The Bank of England is expected to hike interest rates for the fifth time in a row, but experts warn that any hesitation could help push the price of petrol higher for squeezed British drivers.
The Bank of England is widely predicted to increase its base rate from 1%, already the highest in 13 years, to 1.25%.
It would be the first time since January 2009 that the rate has been higher than 1%.
The nine-person Monetary Policy Committee (MPC), which sets the rate, will announce its decision on Thursday.
They will want to rein in inflation, which has hit highs not seen for decades.
“The Bank of England faces a stern test of its mettle at the next interest rate decision, and any hesitation is likely to result in the pound being punished on the currency markets,” said Laith Khalaf, head of investment analysis, AJ Bell.
Such a drop would mean that the price of petrol and diesel, and other imports that the UK pays for in dollars, would rise.
This month the average price of filing a family car topped £100 for the first time.
Any further jump is unlikely to be welcomed by drivers.
There are many indications that the Bank might hike rates.
The MPC has voted for a rise in each of the last four meetings, in December, February, March and May.

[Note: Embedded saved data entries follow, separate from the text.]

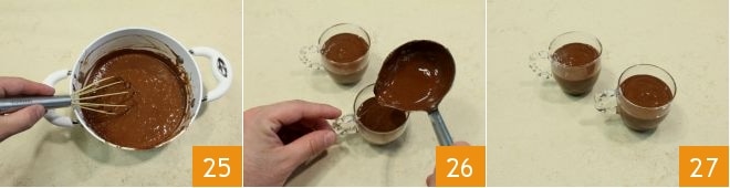 When the cream has thickened 25, turn off the heat and with the help of a ladle pour it into the cups 26: enjoy your coffee cream hot immediately 27.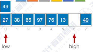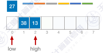 high指针向左移动,找到27比49小,则将27移动到枢轴pivot左边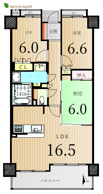 収納も充実していますしユニットサイズも1416と大きめです。

Last time three out of nine members of the Monetary Policy Committee already voted for rates to be set at 1.25%.
However, some things have changed since then. The UK economy looks set to struggle, with an OECD forecast predicting it will be the weakest in the Group of Seven (G7) next year.
“By raising interest rates, the Bank is putting the brakes on an economy that is already slowing of its own accord.
“That risks the economy stalling, or worse, going into reverse.” Mr Khalaf said.
The Bank has been given a little more wriggle room by the Chancellor, who is set to funnel billions to struggling households to help them deal with soaring energy bills.
An interest rate raise will eat away at some of this handout because the cost of borrowing will go up for homeowners.
But equally, drivers would suffer if rates are maintained and savers will benefit from a hike.